Reformasi dan uji coba telah menghasilkan banyak praktik efektif dan pengalaman berharga, serta membangun model contoh. Kami merancang dan mengeluarkan “Panduan” untuk mengabadikan pengalaman tersebut dalam sistem dan mekanisme, serta mengorganisasi reformasi unsur-unsur pengajaran secara nasional, mendorong pergeseran dari pengajaran berbasis pengetahuan tradisional ke peningkatan kemampuan komprehensif, meningkatkan sistem pendidikan vokasi, dan mengubah pelatihan tenaga berkeahlian tinggi dari sekadar taman mini menjadi pemandangan yang indah, sehingga terbentuk ekosistem yang sehat.
2. Pertanyaan: Bagaimana proses penyusunan “Panduan”?
Penyusunan “Panduan” memakan waktu lebih dari satu tahun, melalui beberapa tahap: Pertama, melalui kunjungan lapangan, diskusi, dan berbagai metode lain, melakukan survei terhadap departemen terkait industri, administrasi pendidikan tingkat provinsi, serta komunitas pendidikan industri dan kolaborasi industri-pendidikan tingkat nasional dan regional, untuk meneliti kondisi reformasi pengajaran jurusan, mengidentifikasi masalah yang ada, dan menganalisis pendapat berbagai pihak.
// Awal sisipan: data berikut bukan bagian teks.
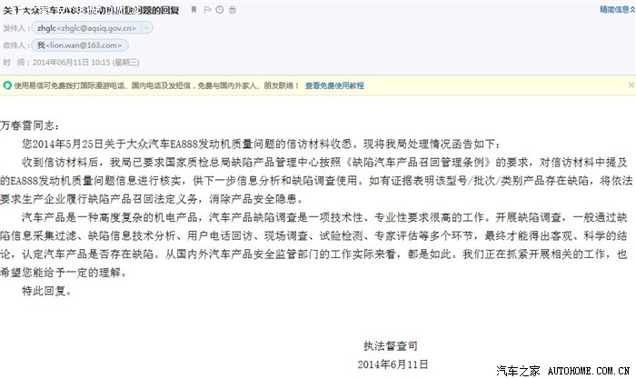 大众中国客诉邮箱:service@volkswagen.com.cn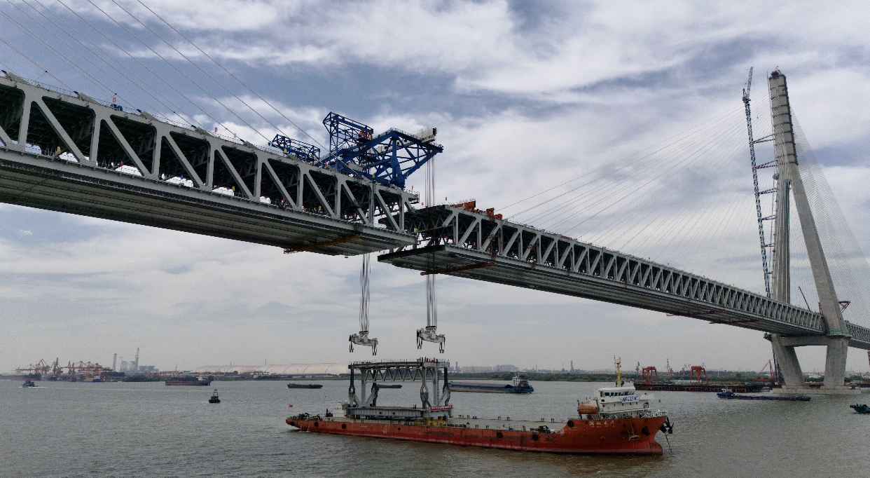 此次吊装的合龙段钢桁梁长14米,宽35米,重约800吨。合龙段吊装完成后,后续10天左右时间,将按照先边跨后中跨的顺序进行合龙施工。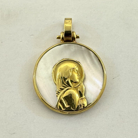 Vintage 14K Yellow Gold Mother Of Pearl Praying Girl Mary Round Pendant

Kedua, secara serius merangkum kemajuan dan pengalaman dari pelaksanaan Rencana Pengembangan Klaster Tenaga Berkeahlian Tinggi, fokus pada masalah utama dan akar penyebabnya, serta mengusulkan langkah-langkah reformasi sistematis dan menentukan isi utama dokumen. Ketiga, secara luas mengumpulkan pendapat dari beberapa departemen pendidikan provinsi, perusahaan industri, dan institusi pendidikan vokasi, serta menyerap saran dan masukan terkait.
3. Pertanyaan: Apa isi utama dari “Panduan”?
“Panduan” terbagi menjadi empat bagian: Persyaratan umum, tugas utama, perbaikan mekanisme reformasi, dan penguatan pelaksanaan organisasi.
Bagian pertama adalah Persyaratan umum. Menjelaskan panduan reformasi unsur-unsur pengajaran utama, prinsip dasar, dan tujuan utama, menegaskan perlunya melaksanakan tugas mendasar menanamkan moral dan karakter, serta fokus pada strategi nasional, pengembangan wilayah, peningkatan industri, iterasi teknologi, dan pengembangan manusia secara menyeluruh. Menetapkan posisi fungsi pelatihan tenaga berkeahlian tinggi, mengikuti prinsip “permintaan sebagai pendorong, klaster sebagai penggerak, reformasi sebagai kolaborasi, dan standar sebagai panduan”. Pada 2027, akan dibangun sistem standar canggih untuk jurusan, kurikulum, buku ajar, guru, dan pelatihan praktis, serta paradigma baru reformasi pengajaran; dan pada 2035, akan dibentuk model praktik pendidikan vokasi khas Tiongkok.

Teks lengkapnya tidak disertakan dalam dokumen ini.